I want to prove that in a group of order $pq^2$, if $p$ divides $|Z(G)|$, then $G$ is abelian.
I know that in this case, the order of $G/Z(G)$ must be $q^2$.
If $G/Z(G)\simeq \mathbb{Z}/{q^2}\mathbb{Z}$, then we are done, because $\mathbb{Z}/{q^2}\mathbb{Z}$ is cyclic.
But what happens if $G/Z(G)\simeq \mathbb{Z}/{q}\mathbb{Z}\times \mathbb{Z}/{q}\mathbb{Z}$? I think I'm missing something trivial..

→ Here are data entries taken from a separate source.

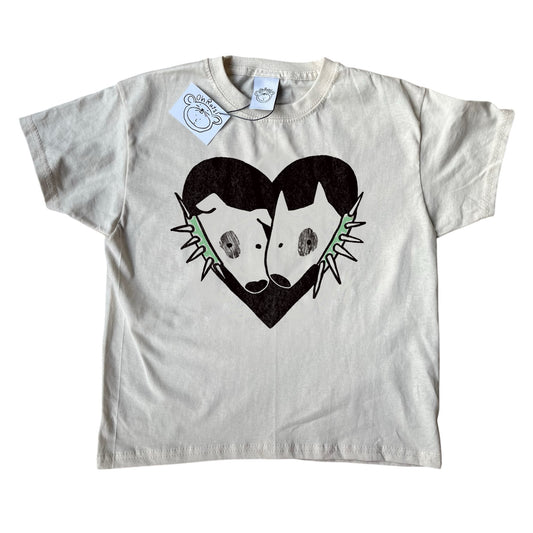 2 Spiky collar dogs in love beige tee
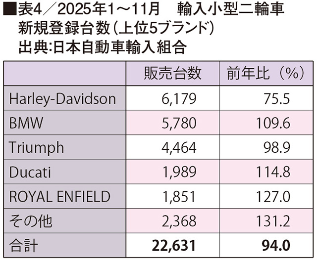 海外メーカーの動向としては、表4にあるように、11月時点ではハーレーダビッドソンがトップをキープ。BMWモトラッドが肉薄しているものの、残り1か月で400台差をひっくり返すのは厳しい感じだ。だが、この状況が続けば、2026年に逆転する可能性はあるだろう。また、前年比微減ながらも、トライアンフも着実に台数を重ねており、公式サイトでは近日公開予定のモデルが数種類あることを予告するなど、2026年も目の離せないメーカーとなっている。期待感を持たせるようなトライアンフのサイト作りは、販売店としてもヒントになるはずだ。
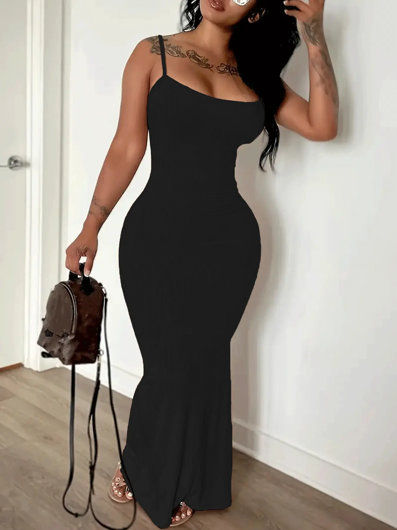 PUMIEY Women's Minimalist Bodycon Maxi Cami Dress Comfort Spaghetti Strap Womenswear Tight Dresses for Holiday Party Daily Wear Casual Sleeveless Dress Basic Ladies Clothing Lady Casual Wear Summer Summervibes
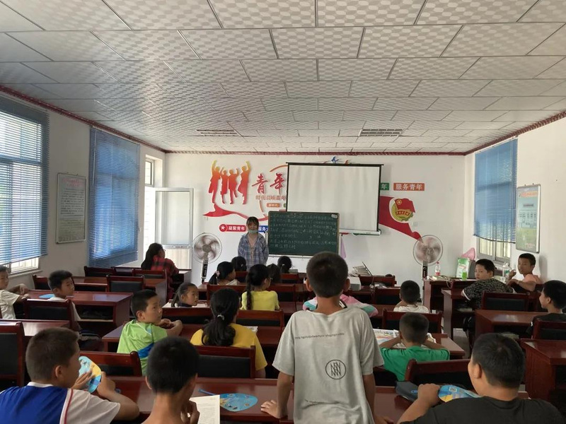 支教团首先在灵武市沙坝头村开展了支教活动,为当地学生辅导课业,教授课外知识。在初来乍到的几天里,支教团成员与当地学生们进行了别开生面的开营仪式,很快熟悉彼此并开始了暑期学习。首先我们为他们辅导功课,成员们耐心辅导、细心教学,工作开展顺利。其次,支教团带领学生们学习了心理健康课、水文化课程、军事教育课等课程,拓宽了孩子们的视野,激发他们学习的热情,并建立了图书角供学生们阅览学习。最后还进行了趣味实验、学习折纸、练习普通话等课外活动,提高他们的动手能力,引导他们将实践与学习相结合。此外,我们的指导教师薛璟老师来到支教点指导队员们更好的开展支教活动,社区民警对孩子们进行安全教育。后期虽然因南京疫情无法继续进行支教活动,但支教团成员们在短短的几天里较为出色的完成了教学任务,并和当地学生建立了深厚的感情。
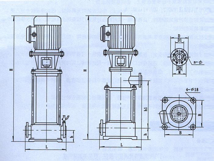 GDL型立式多級(jí)管道離心泵安裝尺寸圖:
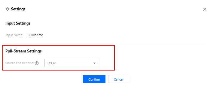 PULLタイプの入力の場合、次のSource End Behaviorを設定して、入力が有効な期間を制御できます。
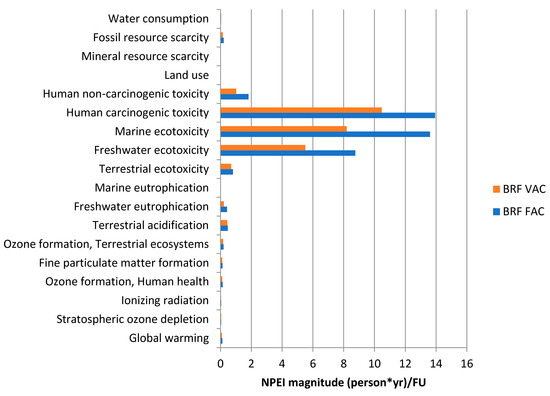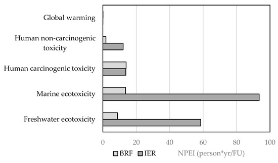 The comparative analysis of the IER and the BRF followed the steps previously presented in Section 2.1.3, comparing selected (i.e., the most important) PEIs and NPEIs: GW, FWEc, MEc, HNC, and HCT. In order to compare the values of a given category of potential environmental impact, PEIj, between two processes or technologies (i.e., between BRF and IER, for the same FU), we propose the variable μj below (Equation (6)), which indicates which technology is more polluting in this “jth” category of impact. The index μj is dimensionless and expressed as a percentage. The variable ∆μj (%) gives the percentage increase in the maximum impact with respect to the minimum impact, as defined by Equation (7) below.

You do not know that $G/Z(G)$ must have order $q^2$. In fact you are try to prove $G$ is abelian, which implies $Z(G) = G$ so you are actually trying to show $G/Z(G)$ has order $1$.
Note that since $p$ divides $|Z(G)|$, a sylow $p$, $S_p$ is central. Thus $1 \to S_p \to G \to G/S_p \to1$ is a short exact sequence with $S_p$ central and $G/S_p$ nilpotent (order $q^2$ is abelian). It follows that $G$ is nilpotent, and hence is the product of its Sylow subgroups $G = S_p \times S_q$ and $S_q$ has order $q^2$ and is hence abelian.
Let suppose $|Z(G)|=p$ (else $G/Z(G)$ is cyclic).
Let $S$ be the subgroup generated by an element $s$ of order $q$ and consider $C(S)$, the centralizer of $S$ (the biggest subgroup of $G$ such that every element of $C(S)$ commutes with every element of $S$).
What about the cardinality of this subgroup?
Hence $C(S)=G$ (looking at their the cadinality) and then we have an absurd because this means that $|Z(G)| > p$.
Clearly $|Z(G)|=p$ and index$[G:Z(G)]=q^2$, so $Z(G)$ is normal Hall-subgroup. By the theorem of Schur-Zassenhaus it has a complement $H$, so $G=HZ(G)$, $H \cap Z(G) =1$. Hence $|H|=q^2$ and $H$ is abelian. But then $G=HZ(G)$ must be abelian.
Note without Schur-Zassenhaus: in general if $G/Z(G)$ is abelian, then $G$ is nilpotent. And hence $G$ is the direct product of its Sylow subgroups. In this case it follows that $G$ is abelian. By the way note that you must assume that $p \neq q$, otherwise the statement of the OP is not true.